More recently, a review of the long-term extension of the AIM trial results was presented at the 2006 European League Against Rheumatism (EULAR) conference. In RA patients treated with abatacept plus methotrexate for 2 years, 80 percent achieved ACR20 responses at month 24, while ACR50 and -70 responses were 56 percent and 34 percent respectively.13 Jean-Claude Becker, MD, director of clinical research for Bristol-Myers Squibb and a co-investigator of the study, says the 2-year data are particularly impressive, because they suggest sustained effectiveness. “It’s a very solid response,” he says. Prolonged efficacy is an important trait in RA therapy, he notes, adding that “When you target the mechanism of inflammation, you may have a very sustained effect.”
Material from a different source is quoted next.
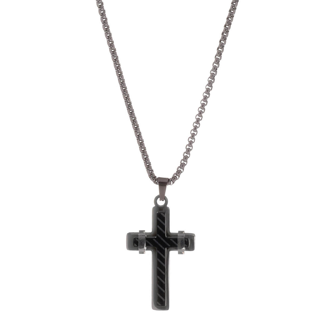 Decorated cross pendant steel necklace 55cm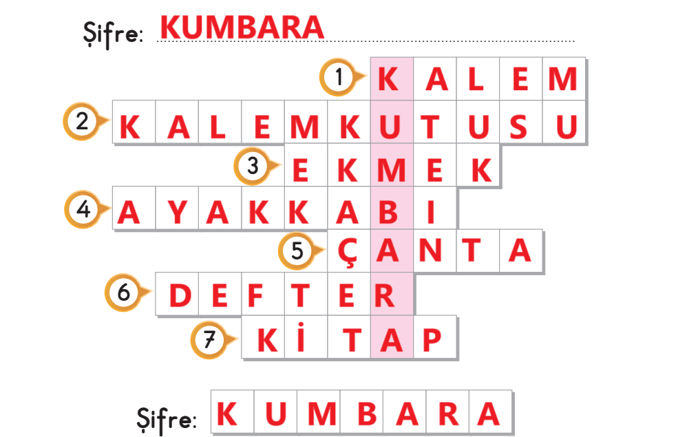 1. Aşağıda numaralandırılarak verilen görsellerden ihtiyaç grubunda olanların ismini bulmacadaki yerine yazınız. Renkli bölümdeki harfleri yukarıdan aşağıya doğru sırayla kutucukların içine yazarak şifreyi bulunuz.

Studies also show improvement in physical function, as measured by the Health Assessment Questionnaire Disability Index (HAQ-DI). In two separate studies of patients with an inadequate response to methotrexate, those receiving abatacept plus methotrexate demonstrated greater improvement from baseline than subjects who received a placebo plus methotrexate (Table 2, page 26). During an open-label extension of a phase IIb study of patients with inadequate response to methotrexate, improvement in physical function was maintained for up to 3 years.
TABLE 2.
Mean improvements from baseline in Health Assessment Questionnaire Disability Index (HAQ-DI)
| Inadequate response to methotrexate | ||||
|---|---|---|---|---|
| Study II | AIM study | |||
| Abatacept a +MTX (n=115) | Placebo +MTX (n=119) | Abatacept b +MTX (n=422) | Placebo +MTX (n=212) | |
| Baseline | 0.98c | 0.97c | 1.69d | 1.69d |
| Mean improvement, year 1 | 0.40c* | 0.15c | 0.66d* | 0.37d |
P<0.001, Orencia vs. placebo.
10 mg/kg.
Dosing based on weight range (see full prescribing information).
Modified Health Assessment Questionnaire: 0=best, 3=worst; 8 questions; 8 categories: dressing and grooming, arising, eating, walking, hygiene, reach, grip, and activities.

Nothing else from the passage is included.